A multi-modal lecture video indexing and retrieval framework with multi-scale residual attention network and multi-similarity computation

Abhijit Debnath, K. Sreenivasa Rao, Partha Pratim Das

Published: 01 Jan 2024, Last Modified: 20 Sept 2025Signal Image Video Process. 2024EveryoneRevisionsBibTeXCC BY-SA 4.0

Abstract: Due to technological development, the mass production of video and its storage on the Internet has increased. This made a huge amount of videos to be available on websites from various sources. Thus, the retrieval of essential lecture videos from multimedia is difficult. So, an effective way of indexing and retrieving the video by considering various similarities in the video features is suggested using the deep learning method in this paper. From the standardized set of data, the videos containing lectures are obtained for training. The optimal keyframes are selected from the obtained videos employing the Adaptive Anti-Corona virus Optimization Algorithm. Then the video contents are segmented and arranged on the basis of the optimized keyframes. The optical characters, such as semantic words and keywords, are recognized by means of Optical Character Reorganization, and the image features are extracted from the segmented frames with the help of a Multi-scale Residual Attention Network (MRAN).
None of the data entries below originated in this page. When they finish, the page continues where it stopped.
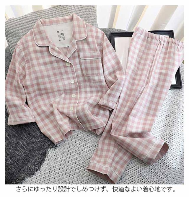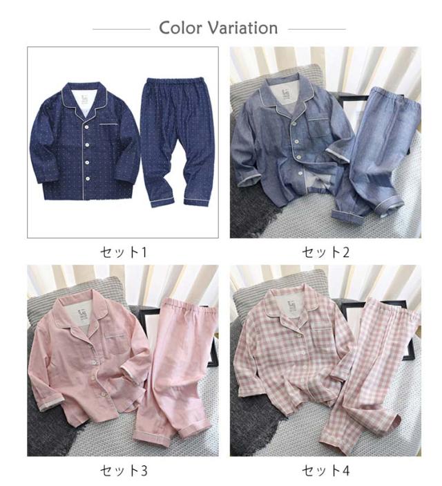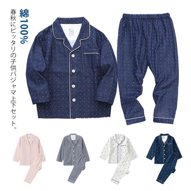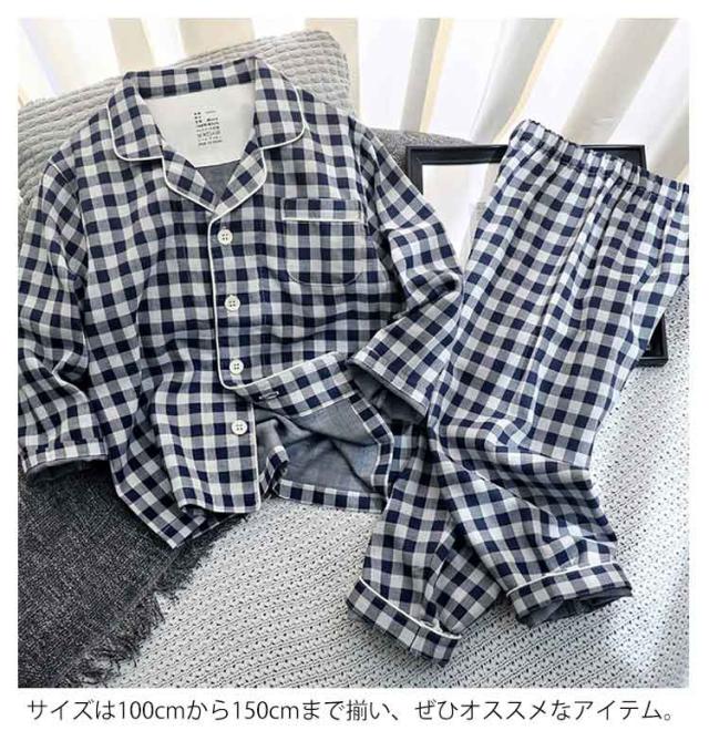 子供パジャマ 寝巻き 二重ガーゼ 綿100% ルームウェア キッズ パジャマ 女の子 男の子 長袖 ズボン セットアップ ダブルガーゼ 春 秋 可愛い チェック ドット柄 ナイトウェア ガーゼ 上下セット 部屋着 薄手 100-150cm
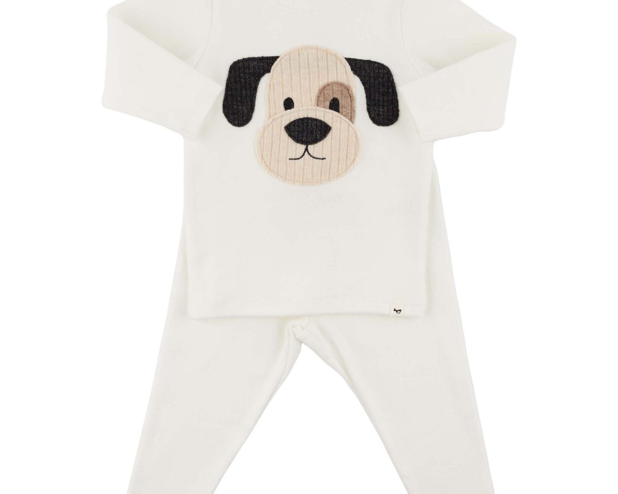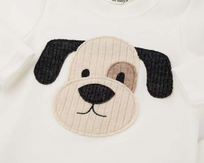 Oh Baby! Puppy Face Applique L/S 2pc Set-Cream
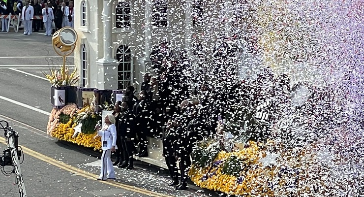 El 134º Desfile de Rose el lunes fue un espectáculo perfecto de carrozas cubiertas de flores, actuaciones musicales de bandas de música de todo el país y una gran cantidad de ecuestres, con decenas de miles de espectadores que recubren a Colorado Boulevard y otras calles de Pasadena para presenciar la tradición anual de la tradición anual. . El evento anual parecía impecable.

The generated pool of features is arranged and stored in the database according to the contents. Text and video queries are given as the input for testing the trained model. The features from the text query and the features of the optimized keyframes from the video query are obtained with the help of MRAN in the testing phase. The generated pool features from the text and video queries are compared with the features that are stored in the database for analyzing the similarities using Cosine, Jacquard, and Euclidean similarity indices. From this, the multi-similarity features are used for retrieval of the relevant videos in accordance with the provided query. The experimental results show that the performance of the proposed system for video indexing and retrieval is better and more efficient than the existing methods of video retrieval.